Il y aura des élections, en juin. Comment réagira-t-on, dans ce contexte tellement anxiogène, avec toutes les théories complotistes qui circulent, avec la défiance qui s’est installée envers le pouvoir politique, envers les incertitudes et les atermoiements du pouvoir en place ? L’abstention, le désintérêt pour le politique ou la réaction, la tentation du pire, le vote comme acte libératoire, expiatoire ? Si tout a changé, si la vision du monde a changé pour chacun d'entre nous, le pouvoir politique doit en tenir compte. La crise a mis en avant quelques faits essentiels : nous n’avons jamais eu tant besoin de proximité, d’aide, de faire société, de protéger le bien commun, d'œuvrer pour l’intérêt général, pour des services publics efficaces et forts. Facebook, facétieux, m’a mis sous le nez ce matin, une des promesses de Benoît Hamon en 2017. Il militait pour des services publics de proximité, pour tous. Après les gilets jaunes, après les malheurs de l’hôpital public qui sont enfin apparus au grand jour après des années de grève “pour rien” des personnels de santé, qui peut nier que c’est ce dont nous avons besoin ? Je me souviens aussi d’une des promesses de Hamon, dont on s'était beaucoup moqué : le revenu universel...Quel est le bénéficiaire du chômage partiel qui pourrait nier aujourd’hui la pertinence de cette idée ? Les milliards de dollars que Biden injecte dans l’économie américaine me semblent de bon aloi. La politique libérale et les suppressions de lits dans les hôpitaux que Macron permet encore après la crise sanitaire que nous venons de vivre me semblent de très mauvais augure. 
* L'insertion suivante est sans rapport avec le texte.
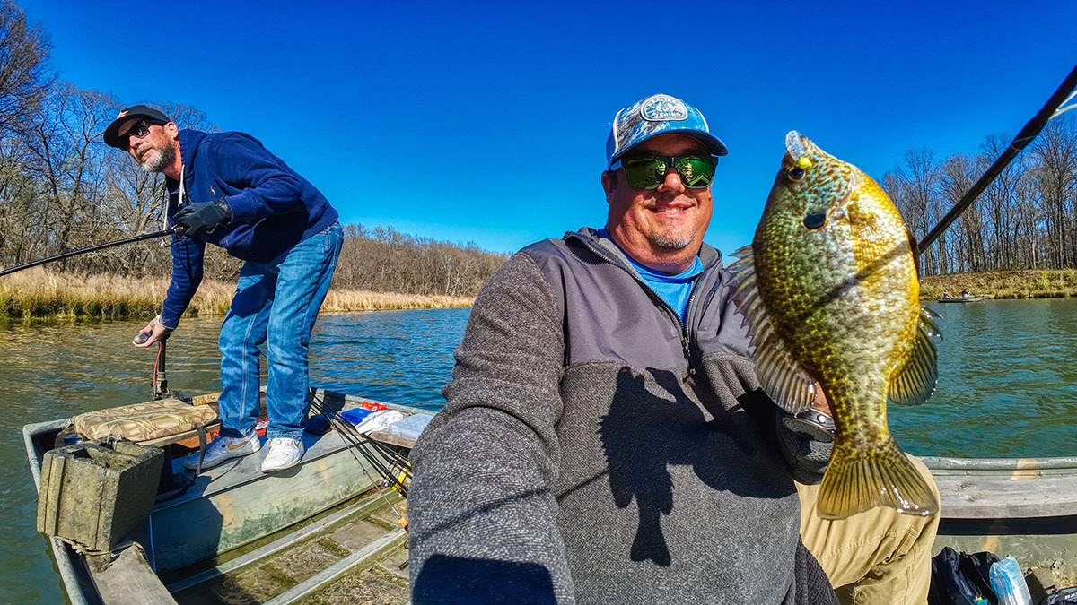 Then, as we move into the spring prespawn, they will be a lot more active, there will be more food sources in the systems with bug larvae starting to move towards hatches, and baitfish and microorganisms moving towards warmer banks and areas with cover. This is a time of year when the panfish are really trying to feed up for their spawn, and larger lures can often work well.

Vivement que les marronniers fleurissent.

1 commentaire:

Laurent a dit…

C'est dur d'être optimiste par les temps qui courent, de voir les liens qui unissent bon an mal an la société se casser et garder espoir. Les marronniers ont dû fleurir depuis la publication de ton billet :-) Ici, à Marseille, j'en ai vus quelques uns en fleur et c'est magnifique.